Me puse a masticar de nuevo. El queso y la carne estaban deliciosos.

—Conque aquí trajeron esos millones de árboles cuando abandonaron Bosquecillo de Dios durante la Caída.

—Algunos —dijo Aenea—, pero ya hacía tiempo que los templarios trabajaban con los éxters para desarrollar anillos arbóreos orbitales y biosferas.

Miré hacia arriba. Las distancias eran vertiginosas. La sensación de estar en esta pequeña plataforma a tantos kilómetros de «altura» me causaba mareo. Debajo de nosotros y a la derecha, algo que parecía una rama verde y diminuta se movía lentamente en la espesura. Vi el campo energético que la rodeaba y comprendí que estaba mirando una de las legendarias naves arbóreas templarias, sin duda de kilómetros de longitud.

—¿Entonces esto está terminado? —pregunté—. ¿Una esfera de Dyson? ¿Una esfera alrededor de una estrella?

Aenea negó con la cabeza.

—En absoluto, aunque hace veinte años estándar anudaron todos los filamentos de los troncos primarios. Técnicamente es una esfera, pero a estas alturas consiste principalmente en agujeros, algunos de millones de kilómetros de diámetro.

—Increíble —dije, comprendiendo que esa palabra era trivial. Me froté las mejillas, sintiendo la barba crecida—. ¿Estuve inconsciente dos semanas?

—Quince días estándar.

—Habitualmente el automédico es más rápido —dije. Terminé el bocadillo, dejé el plato y me concentré en la cerveza.

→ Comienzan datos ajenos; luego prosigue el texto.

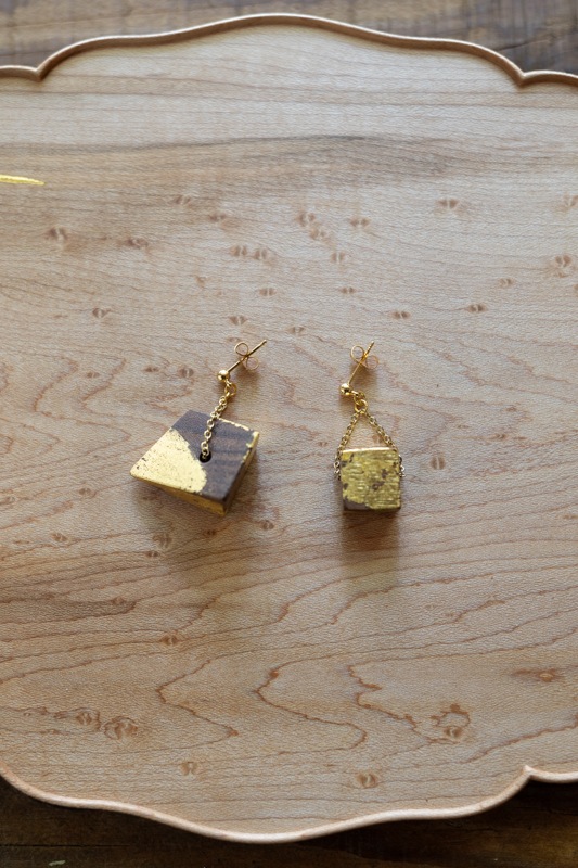丸山聡子 | ピアス 花梨 (四角) / 金箔 [Y.P-153]

—Habitualmente —convino Aenea—. Rachel debe haberte dicho que pasaste un período relativamente breve en el autodoc. Ella se encargó de la mayor parte de las operaciones.

—¿Porqué?

—El automédico estaba lleno. Te descongelamos en cuanto llegamos aquí, pero los tres pacientes estaban en mal estado. De Soya estuvo al borde de la muerte durante una semana. El sargento Gregorius tenía heridas de mayor gravedad de lo que aparentaba cuando lo encontramos en el Gran Pico. Y el tercer oficial, Carel Shan, murió a pesar de los esfuerzos del autodoc y los médicos éxters.

—Maldición. Lamento saberlo. —Uno se acostumbraba a que los autocirujanos curasen casi todo.

Aenea me miró con tal intensidad que sentí que sus ojos me entibiaban la piel igual que la potente luz solar.

—¿Cómo estás, Raul?

—Sensacional. Un poco de dolor. Siento que se curan las costillas. Las cicatrices me causan picor. Y tengo la sensación de haber dormido dos semanas de más... pero me siento bien.

Me cogió la mano. Noté que tenía los ojos húmedos.

—Me habría enfadado mucho si te hubieras muerto —dijo al cabo de un instante.

—También yo. —Le estrujé la mano. De repente me puse de pie, soltando la cerveza en el aire y casi echando a volar. Sólo las suelas de velero de mis zapatos me retuvieron—. ¡Recórcholis!

Señalé a lo lejos. Parecía un calamar de un par de metros de largo. Mi experiencia y mi creciente sentido de la perspectiva me decían que no era así.

—Un zeplin —dijo Aenea—. Los akerataeli tienen miles trabajando en la biosfera. Permanecen dentro de los bolsones de CO
2
y O
2
.

—No me comerá de nuevo, ¿verdad?

Aenea sonrió.

—Lo dudo. El que te probó ya debe haber corrido la voz.

Busqué mi cerveza, vi que el bulbo flotaba a cien metros, pensé en ir a buscarlo, me arrepentí y me senté en el banco adhesivo.

Aenea me dio su bulbo.

—Toma. Nunca puedo terminar estas cosas. ¿Alguna otra pregunta?

Tragué cerveza e hice un gesto de indiferencia.

—Bien, parece que por aquí hay una pandilla de gente extinguida, mítica y muerta. ¿Puedes explicarme?